In pytorch module are block of neural networks that inherit from the class `nn.Module`.  In the following you willbe asked to complete the attention code. The attention module compute the Query $Q$, the Keys $K$ and Values $V$ for each heads and compute attention. The forward methods is the method implementing these operations. In this lab we use a mult-head attention, meaning that we compute attention for each heads, that can be done with a for loop or using batched operation (it is up to you).

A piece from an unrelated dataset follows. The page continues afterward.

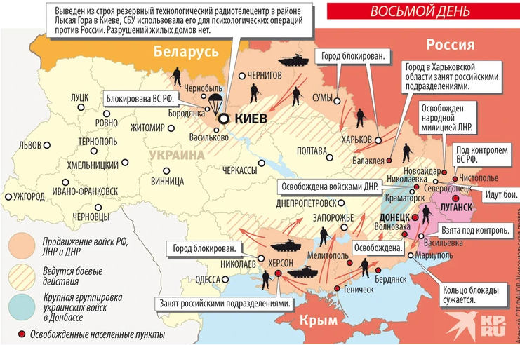 События на Украине. Последние новости на Украине. События развиваются критически быстро, но главное внимание приковано к боям за Киев, а также Харьков и юг Украины. Официальная позиция Российской власти заключается в том, что уже есть незначительные потери среди вооруженных сил, как в технике, так и среди личного состава, но они не сопоставимы с потерями отрядов националистов и вооруженных сил Украины. Ожесточенные бои за оцепленные Киев и Харьков . По некоторым данным, Херсон и множество небольших городов, что находятся на юге Украины взяты под контроль войск РФ. Официальные власти Украины говорят приблизительно тоже, но при этом добавляют, что местный жители «с голыми рыками» бросаются на колоны русской военной техники. А мэры многих городов Украины просили о зеленом коридоре для гражданского населения, которое осталось не только без воды, тепла и света, но и без еды. Официальная власть Киева требует всё больше помощи для Украины не только в военной технике, но и в денежном экв

Also as we follow the Llama 2 architecture, we use for positional embeding the RoPe positonal encoding that is applied on the two matrix $Q$ and $K$. The forward function should compute for an input $X \in \mathbb{R}^{L \times N}$ (in the decoder only case) the following:

1. $Q_h = RoPE(W^q_{h}X^{\intercal})$ (for all heads h) with $W^q_h \in \mathbb{R}^{N \times N}$
2. $K_h = RoPE(W^k_{h}X^{\intercal})$ (for all heads h)
3. $V_h = W^v_{h}X^{\intercal}$ (for all heads h)
4. $A_h =  Attention(Q_h, K_h, V_h)$ (for all heads h)
5. $A$ = [A_1, A_2, \dots A_H] (the concatenation along the last dimension)
6. $O = W^oA^{\intercal}$ with $w^{o} \in \mathbb{R}^{N \times NH}$ (NH being the scalar multplication of N and H)

Notice that Q, K and V can be computed without a loop using $W_{q}$ (respectively for $W_k$ and $W_v$) .


In [33]:

class RoPEAttentionModule(nn.Module):
    """ A cross/self attention pytorch module.

    """
    def __init__(self, input_dim, output_dim, num_heads=1):
        super().__init__()

        self.Wq, self.Wk, self.Wv  =\
            (nn.Linear(input_dim, output_dim * num_heads) for _ in range(3))

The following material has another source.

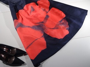 大きな花柄プリントが大胆で艶のある光沢生地に赤い花柄が情熱的な印象を与えます。お呼ばれやデート、コンサートや結婚式の二次会にと、幅広いシーンで活躍してくれます。背中ファスナー有。裏地あり。。

        self.output_dim = output_dim
        self.num_heads = num_heads
        self.Wo = nn.Linear(output_dim * num_heads, input_dim)
        self.rope_func = RoPE(output_dim)

    def forward(
            self,
            x : torch.Tensor,
            attention_mask : torch.BoolTensor = None,
            y : torch.Tensor = None,
            decoder_mask = True,
            k_cache = None,
            v_cache = None,
            start_cache = 0
        ):
        '''
            Parameters:
                x : torch.Tensor
                    The input of the Attention module
                    used at least for K, V computation
                    (for Q if decoder only)
                attention_mask : torch.BoolTensor
                    The mask for attention
                y : torch.Tensor or None
                    The query input in the case of
                    cross-attention
        '''
        B, Lk, _ = x.shape
        q_in = x if y is None else y
        Bq, Lq, _ = q_in.shape
        q = self.Wq(q_in)
        k = self.Wk(x)
        v = self.Wv(x)

        H = self.num_heads
        D = self.output_dim
        q = q.view(Bq, Lq, H, D).transpose(1, 2)
        k = k.view(B, Lk, H, D).transpose(1, 2)
        v = v.view(B, Lk, H, D).transpose(1, 2)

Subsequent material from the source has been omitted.